Firefighters used an enclosed snow machine called a snowcat to get doctors to an operating room for a patient’s emergency surgery.

“Those guys are heroes,” said one of the surgeons, Elias Kfoury. “The first responders and how they stepped up to the occasion essentially resulted in saving somebody’s life.”

Volunteers using snowmobiles helped other people get to a hospital for crucial treatment, the Wyoming Tribune Eagle reported.

It was the city’s worst blizzard since at least 1979.

Highway crews resorted to using bulldozers in addition to plows to move snow off interstates, including I-80 between Cheyenne and Laramie.

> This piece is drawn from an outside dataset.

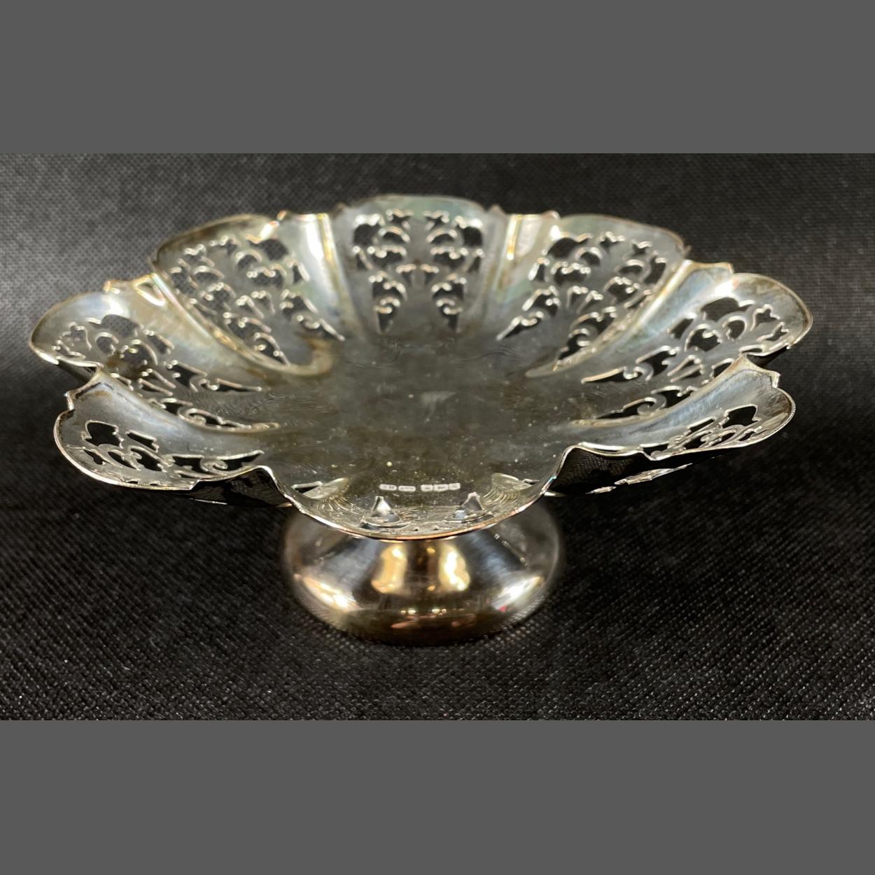 A silver hallmarked pierced bonbon dish, Sheffield 1935, by SYDNEY HALL & CO, 6cm high, 17.5cm wide, gross weight 165g

The 50-mile (80-kilometer) stretch includes the highest point along the coast-to-coast route, an 8,640-foot (2,600-meter) pass called the Summit that’s known for hairy weather even in less intense storms.

Schools remained closed Tuesday as far north as Casper, where city officials were still working to clear wind-driven snow, the Casper Star-Tribune reported.

The Wyoming Legislature, which has been meeting for a month in an annual session already disrupted by the coronavirus pandemic, didn’t convene for the second day in a row.